When freeing a linked list, it is important to declare a variable that holds a reference to the next node of the linked list before the current node is freed, otherwise our program would end up having a ton of leaked memory.
Use valgrind to inspect the memory usage of your program.
/**
* print_llist - Print all elements of a linked list.
* @head: pointer to a linked list.
*
*/
void print_llist(list_t *head)
{
while (head)
{
printf("[%d] %s\n", head->len, head->str);
head = head->next;
}
}
/**
* free_llist - Free all memory used by a linked list.

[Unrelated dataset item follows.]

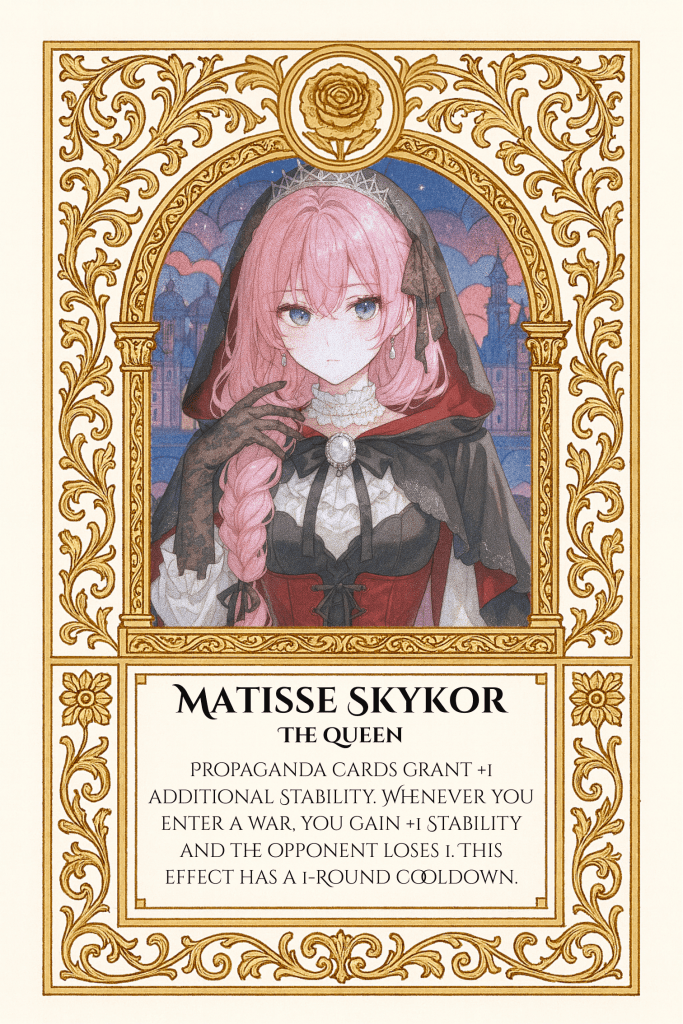 At the age of seventeen, the young Countess Matisse escaped with the help of a mysterious traveler named Sain. Together they crossed the Genesis Mountains and reached the lands that would later become known as Skykor. There, blessed with abundant magical resources, Matisse gathered followers and founded a new realm. In time, those who followed her proclaimed her the Queen of Skykor.

* @head: pointer to a linked list.
*
*/
void free_llist(list_t *head)
{
list_t *tmp;
while (head)
{
tmp = head->next;
free(head->str);
free(head);
head = tmp;
}
}
Finally bringing everything together to create a linked list, print its elements, and free it when done.
int main(void)
{
list_t *head;
add_node(&head, "Greek Freak");
add_node(&head, "Chef Curry");
add_node(&head, "The Beard");
add_node(&head, "Ice Trey");
add_node(&head, "Kai");
add_node(&head, "Dame Time");
add_node(&head, "PG 13");
add_node(&head, "Le Goat");
print_llist(head);
free_llist(head);
head = NULL;
}
This was a very simple implementation, and there are many more interesting operations that can be baked into a linked list, but this should help a beginner get their feet wet.
Linked lists are a very important data structure, and understanding them strenghtens your handle on more abstract data structures found in high-level languages like Java, Python, JavaScript, etc.
Hope you learnt something, and thanks for reading!